Data Mining and Machine Learning II: Big Data and Unstructured Data (ODL) STATS5081

  • Academic Session: 2019-20
  • School: School of Mathematics and Statistics
  • Credits: 10
  • Level: Level 5 (SCQF level 11)
  • Typically Offered: Summer
  • Available to Visiting Students: No
  • Available to Erasmus Students: No
  • Taught Wholly by Distance Learning: Yes

Short Description

This course introduces data mining and machine learning methods used in big data scenarios and also introduces methods for analysing networks and unstructured data.

Timetable

The course mostly consists of asynchronous teaching material.

Requirements of Entry

The course is only available to online-distance learning students on the PGCert/PGDip/MSc in Data Analytics and Data Analytics for Government.

Excluded Courses

Big Data Analytics

Big Data Analytics (Level M)

Co-requisites

-/-

Assessment

100% Continuous Assessment

This will typically be made up of a project (40%), two oral assessments (40%) and one homework exercise / online quiz (20%). Full details are provided in the programme handbook.

Course Aims

The aims of this course are:

■ to introduce students to Gaussian processes;

■ to introduce the students to big data methods commonly applied in Machine Learning, notably regularised regression;

■ to illustrate the role of sparsity when analysing high-dimensional data;

■ to introduce students to graphical models and how they can be used for structural inference in high-dimensional data;

■ to introduce students to informal and formal methods for social network analysis and quantitative text analysis.

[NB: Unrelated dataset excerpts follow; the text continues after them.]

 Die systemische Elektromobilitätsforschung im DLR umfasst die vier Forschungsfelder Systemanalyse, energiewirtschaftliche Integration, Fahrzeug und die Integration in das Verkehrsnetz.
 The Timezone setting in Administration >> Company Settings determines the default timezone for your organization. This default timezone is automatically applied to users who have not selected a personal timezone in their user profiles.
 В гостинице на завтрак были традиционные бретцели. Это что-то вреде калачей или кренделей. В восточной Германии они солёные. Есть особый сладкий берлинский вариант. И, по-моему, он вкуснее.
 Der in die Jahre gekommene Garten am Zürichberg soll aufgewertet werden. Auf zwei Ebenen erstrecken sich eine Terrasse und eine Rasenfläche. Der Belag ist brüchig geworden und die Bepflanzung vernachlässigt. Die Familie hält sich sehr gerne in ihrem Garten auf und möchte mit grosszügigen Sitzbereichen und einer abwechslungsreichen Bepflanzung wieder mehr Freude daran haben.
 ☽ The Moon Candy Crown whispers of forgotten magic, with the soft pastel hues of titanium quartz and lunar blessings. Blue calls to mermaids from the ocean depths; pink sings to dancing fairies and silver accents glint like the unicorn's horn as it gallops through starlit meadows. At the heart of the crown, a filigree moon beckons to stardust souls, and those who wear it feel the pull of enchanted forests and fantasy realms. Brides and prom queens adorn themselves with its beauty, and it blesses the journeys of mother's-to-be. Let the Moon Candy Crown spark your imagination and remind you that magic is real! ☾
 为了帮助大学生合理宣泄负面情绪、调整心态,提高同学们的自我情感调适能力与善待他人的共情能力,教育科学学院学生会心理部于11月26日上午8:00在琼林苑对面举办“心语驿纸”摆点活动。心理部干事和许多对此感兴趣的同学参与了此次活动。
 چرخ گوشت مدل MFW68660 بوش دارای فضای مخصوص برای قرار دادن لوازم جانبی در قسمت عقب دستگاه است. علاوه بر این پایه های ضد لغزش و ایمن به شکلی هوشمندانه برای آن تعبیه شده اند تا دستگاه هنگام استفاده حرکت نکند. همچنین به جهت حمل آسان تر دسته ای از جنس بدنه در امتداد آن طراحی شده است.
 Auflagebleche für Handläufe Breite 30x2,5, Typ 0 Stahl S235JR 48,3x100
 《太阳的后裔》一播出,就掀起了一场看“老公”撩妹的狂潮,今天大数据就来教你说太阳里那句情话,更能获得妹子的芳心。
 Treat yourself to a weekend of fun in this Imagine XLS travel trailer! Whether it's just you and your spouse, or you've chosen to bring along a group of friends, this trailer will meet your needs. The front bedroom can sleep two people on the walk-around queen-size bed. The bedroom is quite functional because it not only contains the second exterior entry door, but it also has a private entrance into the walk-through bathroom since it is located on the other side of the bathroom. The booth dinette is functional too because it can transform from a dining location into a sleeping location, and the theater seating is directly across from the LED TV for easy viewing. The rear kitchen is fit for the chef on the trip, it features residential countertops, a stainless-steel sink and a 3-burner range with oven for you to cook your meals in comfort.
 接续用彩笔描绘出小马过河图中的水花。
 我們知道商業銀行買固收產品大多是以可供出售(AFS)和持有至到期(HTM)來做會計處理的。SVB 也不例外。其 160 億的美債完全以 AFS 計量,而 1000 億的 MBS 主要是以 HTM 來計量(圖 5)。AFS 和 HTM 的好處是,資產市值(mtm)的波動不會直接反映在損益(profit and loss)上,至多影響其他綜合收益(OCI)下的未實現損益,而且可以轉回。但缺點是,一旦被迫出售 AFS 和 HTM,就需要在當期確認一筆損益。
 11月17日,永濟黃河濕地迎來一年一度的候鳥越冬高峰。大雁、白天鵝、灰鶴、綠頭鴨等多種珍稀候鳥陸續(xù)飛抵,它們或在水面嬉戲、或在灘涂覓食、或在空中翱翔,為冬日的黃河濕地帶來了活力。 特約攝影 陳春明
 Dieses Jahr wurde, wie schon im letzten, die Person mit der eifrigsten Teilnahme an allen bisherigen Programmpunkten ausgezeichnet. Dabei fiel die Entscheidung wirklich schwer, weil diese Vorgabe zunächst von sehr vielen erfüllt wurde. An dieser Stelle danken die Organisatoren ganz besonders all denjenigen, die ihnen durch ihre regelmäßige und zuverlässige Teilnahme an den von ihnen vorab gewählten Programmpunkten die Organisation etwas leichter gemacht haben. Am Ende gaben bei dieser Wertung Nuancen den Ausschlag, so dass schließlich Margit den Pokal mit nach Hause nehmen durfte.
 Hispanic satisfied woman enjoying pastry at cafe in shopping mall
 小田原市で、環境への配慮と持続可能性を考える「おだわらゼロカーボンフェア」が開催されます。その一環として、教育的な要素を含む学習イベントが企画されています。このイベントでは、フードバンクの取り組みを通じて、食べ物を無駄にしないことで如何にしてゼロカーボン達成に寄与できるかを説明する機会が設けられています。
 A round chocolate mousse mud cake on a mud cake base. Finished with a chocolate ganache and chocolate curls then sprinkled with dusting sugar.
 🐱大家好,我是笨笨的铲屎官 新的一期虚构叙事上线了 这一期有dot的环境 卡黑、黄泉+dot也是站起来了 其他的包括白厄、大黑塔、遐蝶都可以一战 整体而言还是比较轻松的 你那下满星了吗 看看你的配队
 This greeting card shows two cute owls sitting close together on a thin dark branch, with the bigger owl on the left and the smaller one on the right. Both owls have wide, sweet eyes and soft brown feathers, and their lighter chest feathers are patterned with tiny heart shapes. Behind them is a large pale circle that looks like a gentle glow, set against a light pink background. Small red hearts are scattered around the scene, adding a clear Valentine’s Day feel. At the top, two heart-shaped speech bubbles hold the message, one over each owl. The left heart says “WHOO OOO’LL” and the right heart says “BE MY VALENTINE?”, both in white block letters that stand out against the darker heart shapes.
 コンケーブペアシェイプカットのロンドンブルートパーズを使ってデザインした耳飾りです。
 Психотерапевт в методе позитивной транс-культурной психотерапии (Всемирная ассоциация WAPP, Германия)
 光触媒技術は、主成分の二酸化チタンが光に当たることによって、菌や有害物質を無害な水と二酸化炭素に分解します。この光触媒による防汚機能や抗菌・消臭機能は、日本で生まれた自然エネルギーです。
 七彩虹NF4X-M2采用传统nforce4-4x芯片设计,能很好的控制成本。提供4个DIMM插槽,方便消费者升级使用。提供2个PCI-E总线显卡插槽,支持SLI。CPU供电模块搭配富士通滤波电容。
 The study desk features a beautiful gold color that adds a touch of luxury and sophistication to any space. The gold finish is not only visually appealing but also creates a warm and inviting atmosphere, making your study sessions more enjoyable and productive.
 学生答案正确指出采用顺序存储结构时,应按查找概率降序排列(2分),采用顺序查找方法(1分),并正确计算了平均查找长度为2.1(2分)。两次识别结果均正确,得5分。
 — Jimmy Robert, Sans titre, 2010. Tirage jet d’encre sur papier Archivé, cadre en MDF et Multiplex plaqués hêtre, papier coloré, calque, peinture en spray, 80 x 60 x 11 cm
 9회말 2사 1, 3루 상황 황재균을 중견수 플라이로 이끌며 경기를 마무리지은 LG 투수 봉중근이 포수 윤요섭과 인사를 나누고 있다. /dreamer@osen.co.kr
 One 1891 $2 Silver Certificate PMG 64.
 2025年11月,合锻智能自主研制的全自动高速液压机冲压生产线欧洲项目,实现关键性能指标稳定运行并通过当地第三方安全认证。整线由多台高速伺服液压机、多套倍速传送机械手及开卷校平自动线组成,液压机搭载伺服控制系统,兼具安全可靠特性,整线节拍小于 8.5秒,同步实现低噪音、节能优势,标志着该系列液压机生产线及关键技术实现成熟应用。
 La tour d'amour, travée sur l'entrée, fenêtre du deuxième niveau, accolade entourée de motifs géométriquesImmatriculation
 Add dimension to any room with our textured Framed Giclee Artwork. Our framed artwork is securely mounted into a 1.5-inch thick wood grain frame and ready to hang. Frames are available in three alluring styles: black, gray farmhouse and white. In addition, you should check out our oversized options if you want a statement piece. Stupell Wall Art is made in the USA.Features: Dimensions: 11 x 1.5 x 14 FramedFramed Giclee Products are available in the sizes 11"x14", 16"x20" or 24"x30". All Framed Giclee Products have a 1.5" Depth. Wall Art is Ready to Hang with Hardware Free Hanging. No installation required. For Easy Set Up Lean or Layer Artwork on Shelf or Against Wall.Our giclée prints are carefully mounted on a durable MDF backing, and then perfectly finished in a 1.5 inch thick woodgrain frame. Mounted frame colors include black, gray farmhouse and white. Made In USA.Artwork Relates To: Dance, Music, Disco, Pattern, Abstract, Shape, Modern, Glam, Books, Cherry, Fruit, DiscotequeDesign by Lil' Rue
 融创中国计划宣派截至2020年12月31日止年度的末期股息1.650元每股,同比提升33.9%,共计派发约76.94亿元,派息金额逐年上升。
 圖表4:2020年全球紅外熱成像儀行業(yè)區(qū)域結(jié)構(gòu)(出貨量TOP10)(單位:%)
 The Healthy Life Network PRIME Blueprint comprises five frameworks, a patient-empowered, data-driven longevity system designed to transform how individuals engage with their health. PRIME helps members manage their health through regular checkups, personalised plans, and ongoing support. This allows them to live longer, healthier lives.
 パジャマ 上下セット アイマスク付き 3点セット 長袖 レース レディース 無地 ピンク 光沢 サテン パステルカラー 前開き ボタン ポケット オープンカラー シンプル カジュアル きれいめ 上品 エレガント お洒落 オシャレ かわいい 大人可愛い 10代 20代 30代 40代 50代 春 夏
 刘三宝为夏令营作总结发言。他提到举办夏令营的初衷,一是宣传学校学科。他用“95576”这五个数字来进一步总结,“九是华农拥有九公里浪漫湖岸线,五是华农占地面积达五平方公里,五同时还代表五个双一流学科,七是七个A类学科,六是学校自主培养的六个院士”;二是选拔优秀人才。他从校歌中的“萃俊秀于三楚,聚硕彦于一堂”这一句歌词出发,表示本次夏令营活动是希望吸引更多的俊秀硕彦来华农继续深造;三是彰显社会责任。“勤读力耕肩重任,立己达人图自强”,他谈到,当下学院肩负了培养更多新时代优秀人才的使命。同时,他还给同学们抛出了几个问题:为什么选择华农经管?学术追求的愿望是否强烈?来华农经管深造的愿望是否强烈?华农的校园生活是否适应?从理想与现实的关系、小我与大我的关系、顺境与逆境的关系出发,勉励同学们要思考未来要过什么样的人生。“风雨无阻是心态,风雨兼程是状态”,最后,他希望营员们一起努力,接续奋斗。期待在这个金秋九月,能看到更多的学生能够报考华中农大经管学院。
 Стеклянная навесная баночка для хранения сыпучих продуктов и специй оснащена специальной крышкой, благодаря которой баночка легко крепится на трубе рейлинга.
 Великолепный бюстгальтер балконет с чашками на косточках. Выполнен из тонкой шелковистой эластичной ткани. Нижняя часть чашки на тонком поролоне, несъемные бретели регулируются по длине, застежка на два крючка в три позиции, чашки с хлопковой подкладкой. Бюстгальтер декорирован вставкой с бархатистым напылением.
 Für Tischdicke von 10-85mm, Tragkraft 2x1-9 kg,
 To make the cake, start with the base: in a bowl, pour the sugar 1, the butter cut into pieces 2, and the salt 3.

Intended Learning Outcomes of Course

By the end of this course students will be able to:

■ fit Gaussian process models;

■ describe the challenges of the analysis of high-dimensional data and discuss, in a particular context, strategies for tackling big data problems;

■ formulate and fit a regularised linear model, such as ridge regression, the LASSO and partial least-squares;

■ infer statements about (conditional) independence from graphical models and factorisations of the joint distribution;

■ describe methods for structural inference in graphical models and apply them in a given context;

■ make appropriate use of informal and formal methods for social network analysis and quantitative text analysis.

Minimum Requirement for Award of Credits

Students must submit at least 75% by weight of the components (including examinations) of the course's summative assessment.